━━━ RECORDS SHOWN

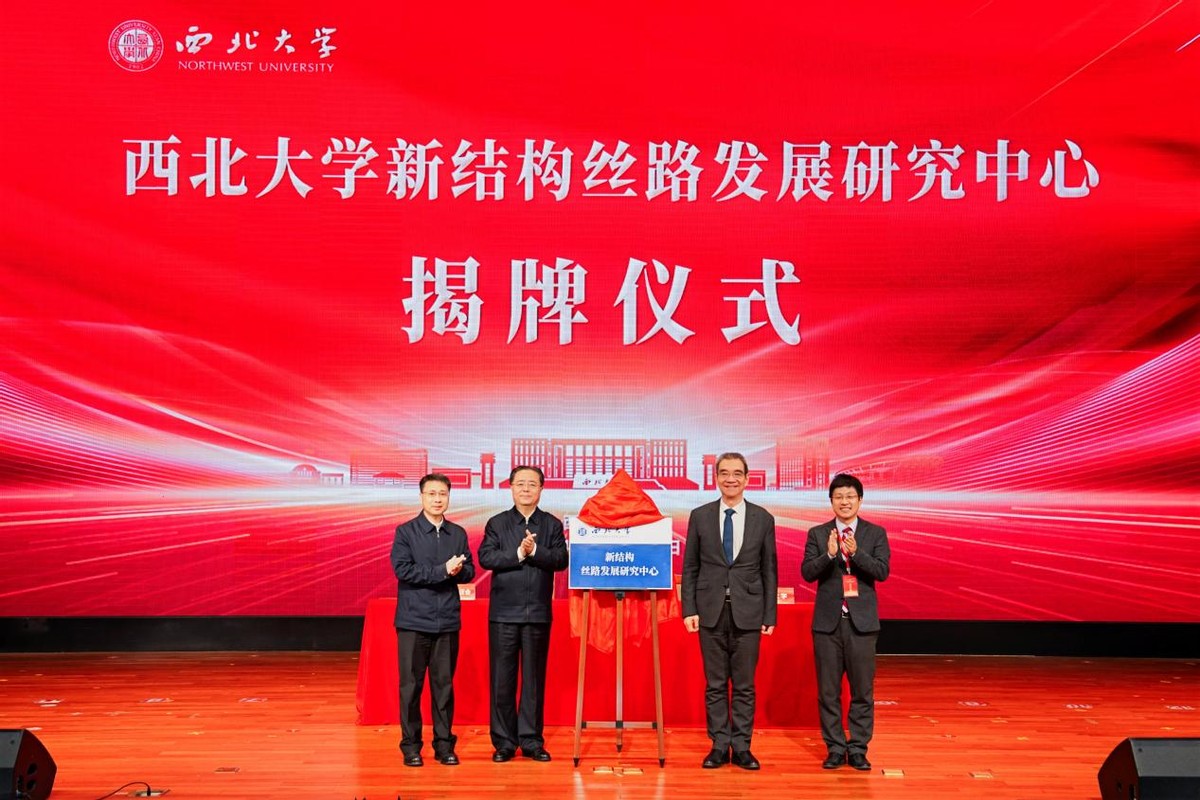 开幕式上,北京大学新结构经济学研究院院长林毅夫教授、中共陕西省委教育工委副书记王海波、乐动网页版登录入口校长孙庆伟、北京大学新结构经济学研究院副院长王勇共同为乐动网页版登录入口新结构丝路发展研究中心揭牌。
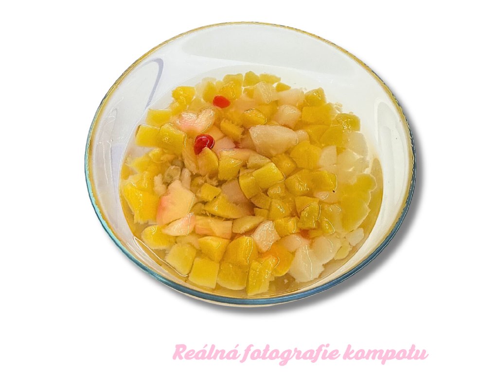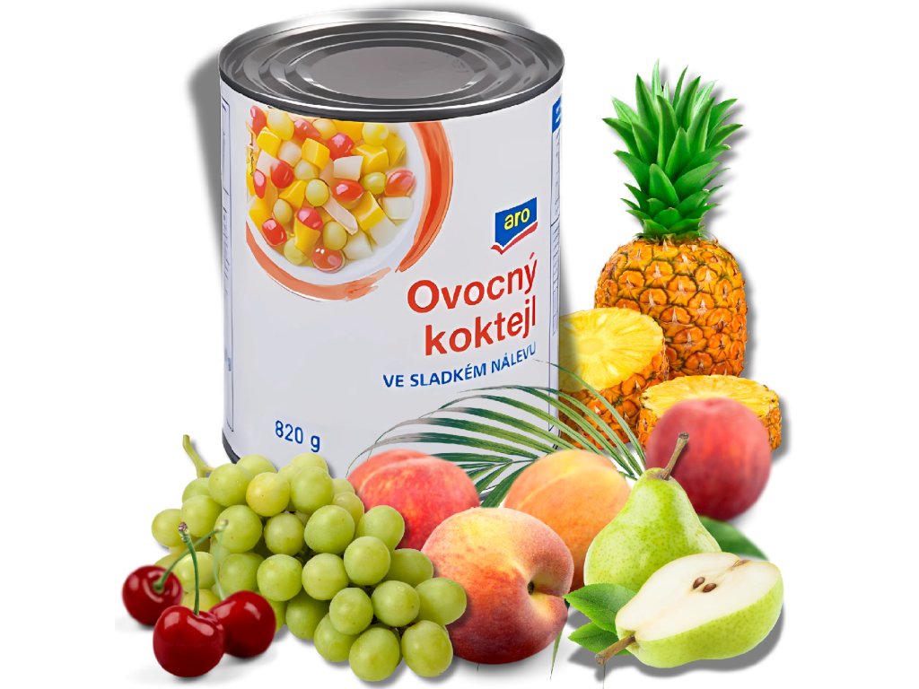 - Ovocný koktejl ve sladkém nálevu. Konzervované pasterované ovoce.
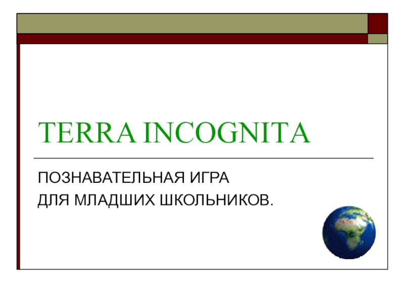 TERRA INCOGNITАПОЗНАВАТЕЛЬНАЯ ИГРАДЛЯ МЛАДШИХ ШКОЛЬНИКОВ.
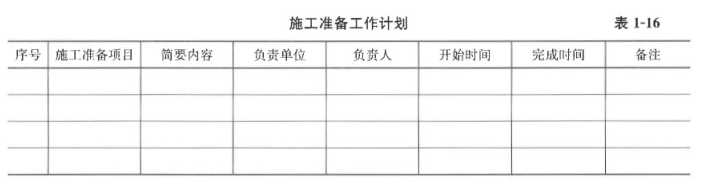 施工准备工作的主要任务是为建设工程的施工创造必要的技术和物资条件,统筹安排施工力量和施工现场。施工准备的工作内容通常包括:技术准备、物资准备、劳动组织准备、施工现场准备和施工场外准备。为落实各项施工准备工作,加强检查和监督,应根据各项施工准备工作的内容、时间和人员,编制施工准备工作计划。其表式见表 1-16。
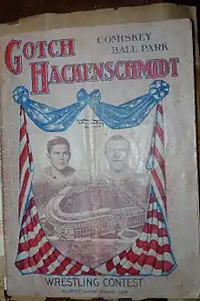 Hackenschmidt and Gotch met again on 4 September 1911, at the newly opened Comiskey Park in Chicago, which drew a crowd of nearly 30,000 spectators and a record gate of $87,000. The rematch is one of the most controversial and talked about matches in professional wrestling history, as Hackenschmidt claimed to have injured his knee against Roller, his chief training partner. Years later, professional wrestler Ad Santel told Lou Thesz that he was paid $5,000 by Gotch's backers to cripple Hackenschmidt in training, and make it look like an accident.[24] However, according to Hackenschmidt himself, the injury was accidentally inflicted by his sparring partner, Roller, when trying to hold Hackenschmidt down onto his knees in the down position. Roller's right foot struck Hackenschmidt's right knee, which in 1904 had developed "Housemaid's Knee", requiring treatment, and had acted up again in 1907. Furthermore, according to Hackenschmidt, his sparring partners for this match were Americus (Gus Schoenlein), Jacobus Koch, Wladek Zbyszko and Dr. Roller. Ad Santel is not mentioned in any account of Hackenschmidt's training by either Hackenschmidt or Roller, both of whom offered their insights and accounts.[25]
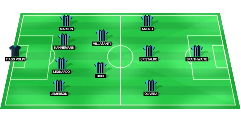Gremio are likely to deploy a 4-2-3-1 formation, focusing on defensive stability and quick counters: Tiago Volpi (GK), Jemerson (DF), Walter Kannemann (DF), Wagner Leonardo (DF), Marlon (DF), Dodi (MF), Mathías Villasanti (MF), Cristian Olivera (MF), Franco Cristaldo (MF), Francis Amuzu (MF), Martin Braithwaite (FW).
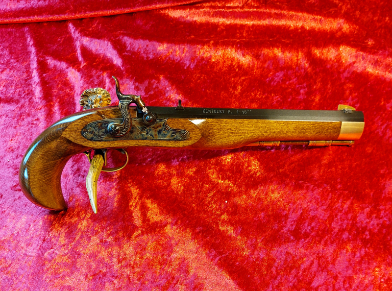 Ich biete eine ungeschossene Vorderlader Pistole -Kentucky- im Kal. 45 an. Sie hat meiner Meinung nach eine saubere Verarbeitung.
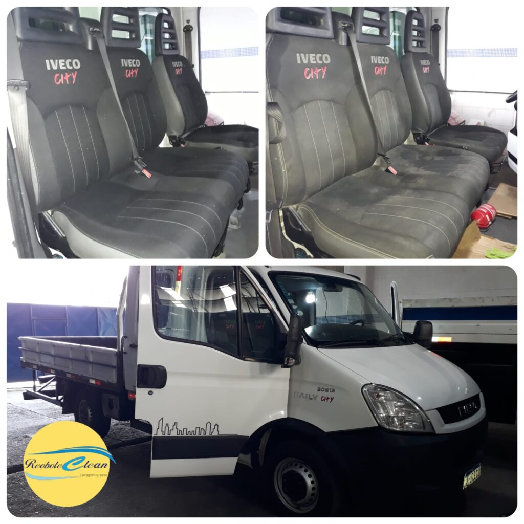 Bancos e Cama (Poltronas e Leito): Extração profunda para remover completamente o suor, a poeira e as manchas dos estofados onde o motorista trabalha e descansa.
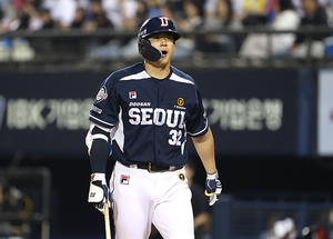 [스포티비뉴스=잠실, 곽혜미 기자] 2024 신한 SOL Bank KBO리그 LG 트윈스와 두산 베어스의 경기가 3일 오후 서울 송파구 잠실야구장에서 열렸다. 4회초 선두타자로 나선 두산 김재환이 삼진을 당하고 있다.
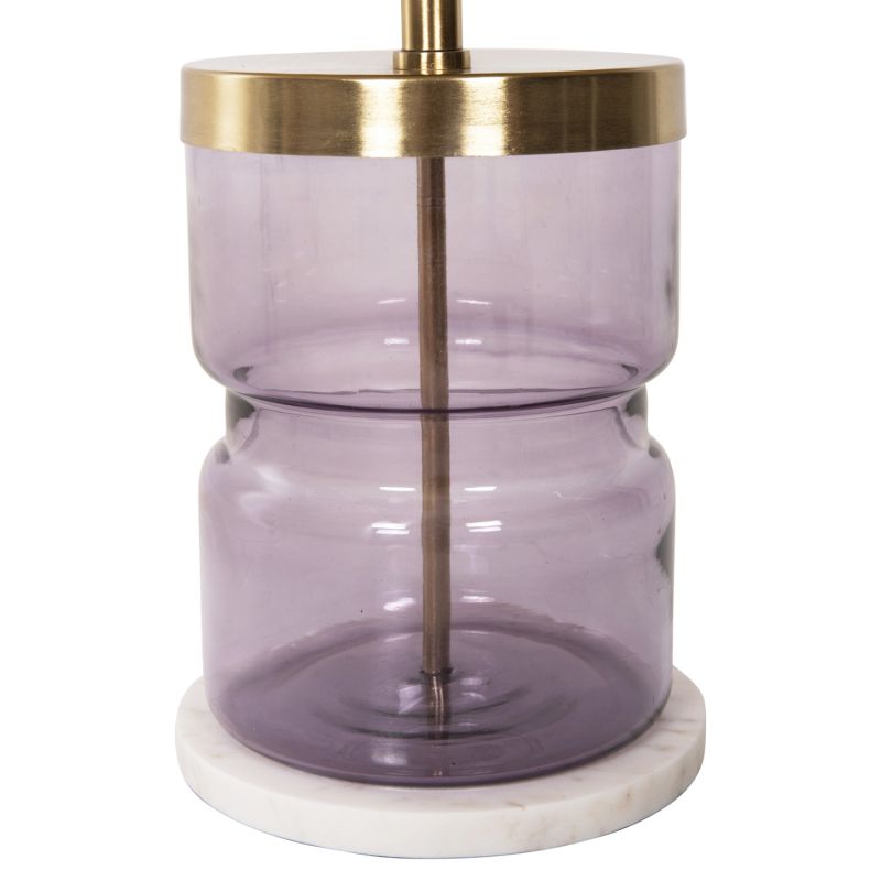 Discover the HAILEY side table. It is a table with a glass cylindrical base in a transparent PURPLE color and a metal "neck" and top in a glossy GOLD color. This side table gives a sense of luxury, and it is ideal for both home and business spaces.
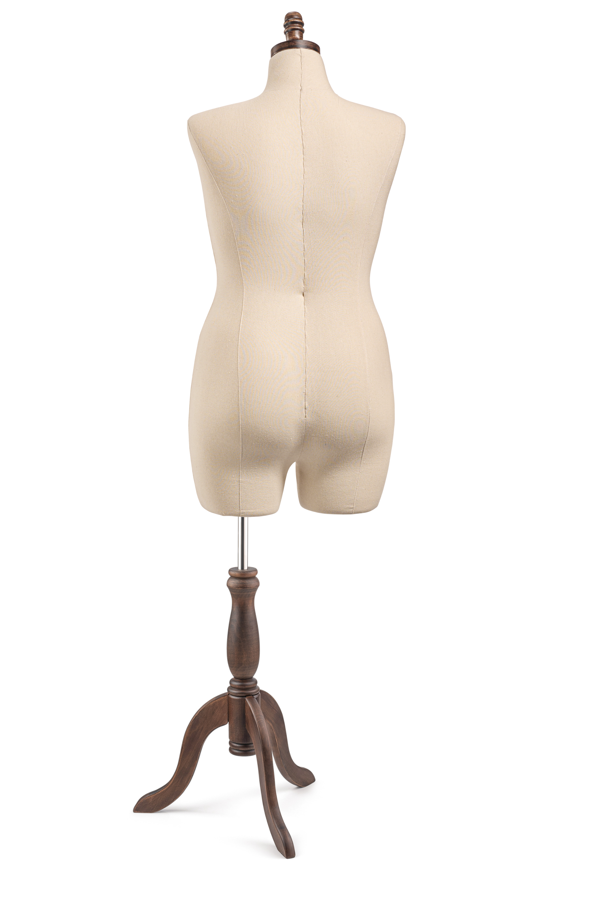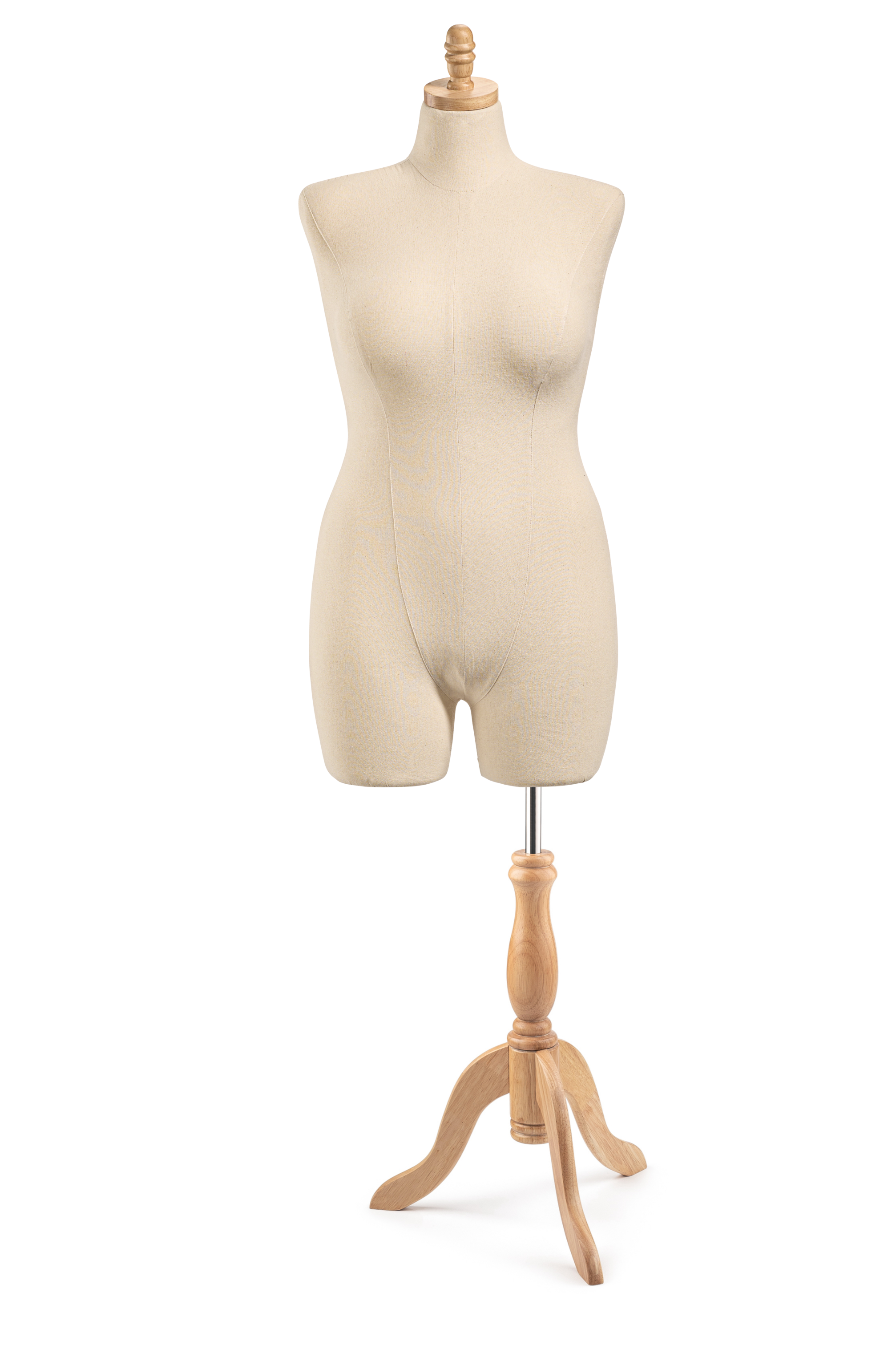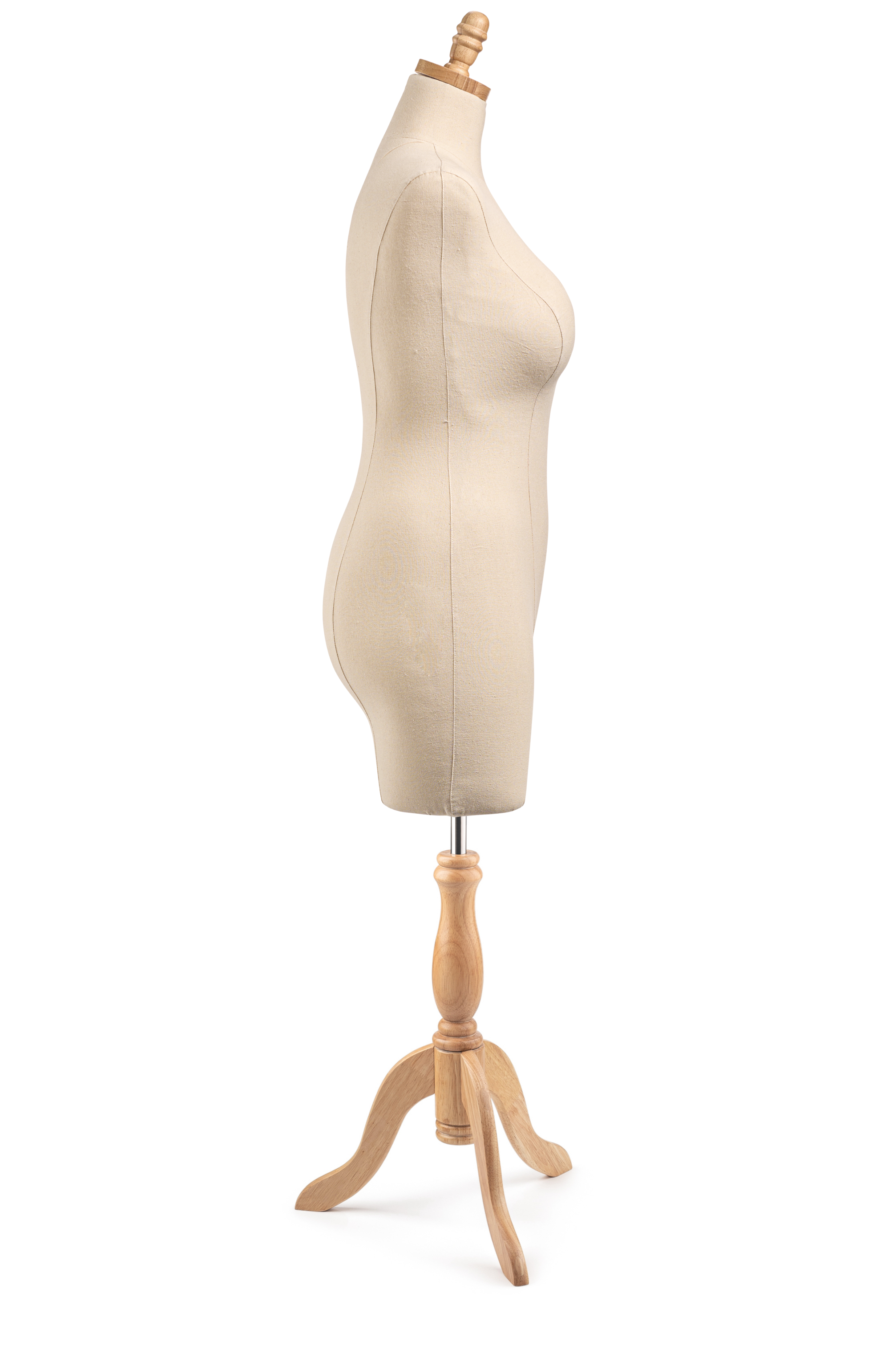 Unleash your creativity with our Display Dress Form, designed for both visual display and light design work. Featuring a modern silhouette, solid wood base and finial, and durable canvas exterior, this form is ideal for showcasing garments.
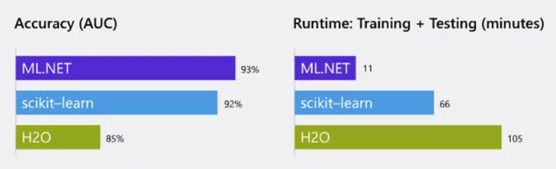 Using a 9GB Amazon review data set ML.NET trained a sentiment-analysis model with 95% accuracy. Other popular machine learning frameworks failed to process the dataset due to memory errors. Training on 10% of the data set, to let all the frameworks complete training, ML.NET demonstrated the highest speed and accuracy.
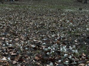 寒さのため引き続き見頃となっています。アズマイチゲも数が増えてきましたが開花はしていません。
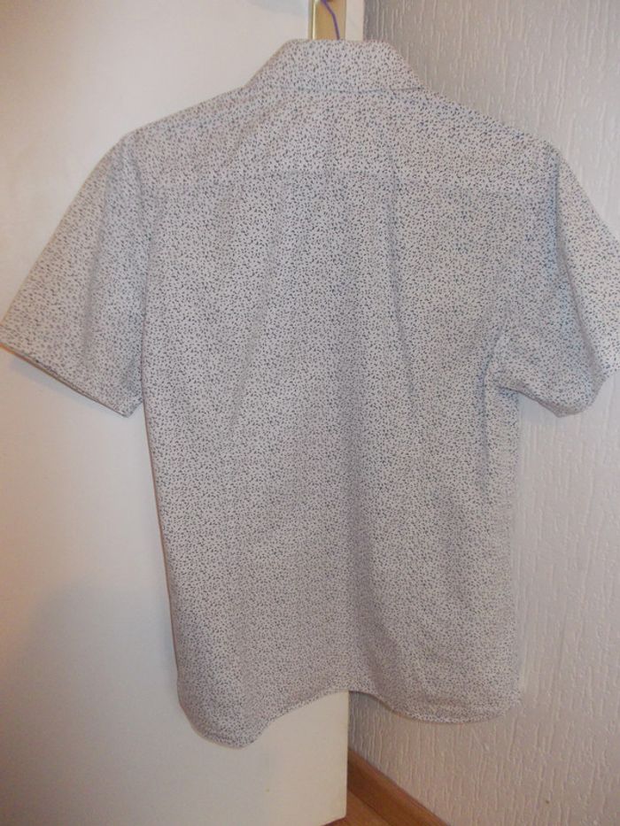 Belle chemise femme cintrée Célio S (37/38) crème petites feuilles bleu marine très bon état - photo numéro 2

━━━━━━

### THE TASK:
Set down exactly and only the lines from the start of the entries above through the line containing "施工准备工作的主要任务是为建", both ends included, omitting the pictures.

### ANSWER SECTION:
 开幕式上,北京大学新结构经济学研究院院长林毅夫教授、中共陕西省委教育工委副书记王海波、乐动网页版登录入口校长孙庆伟、北京大学新结构经济学研究院副院长王勇共同为乐动网页版登录入口新结构丝路发展研究中心揭牌。
 - Ovocný koktejl ve sladkém nálevu. Konzervované pasterované ovoce.
 TERRA INCOGNITАПОЗНАВАТЕЛЬНАЯ ИГРАДЛЯ МЛАДШИХ ШКОЛЬНИКОВ.
 施工准备工作的主要任务是为建设工程的施工创造必要的技术和物资条件,统筹安排施工力量和施工现场。施工准备的工作内容通常包括:技术准备、物资准备、劳动组织准备、施工现场准备和施工场外准备。为落实各项施工准备工作,加强检查和监督,应根据各项施工准备工作的内容、时间和人员,编制施工准备工作计划。其表式见表 1-16。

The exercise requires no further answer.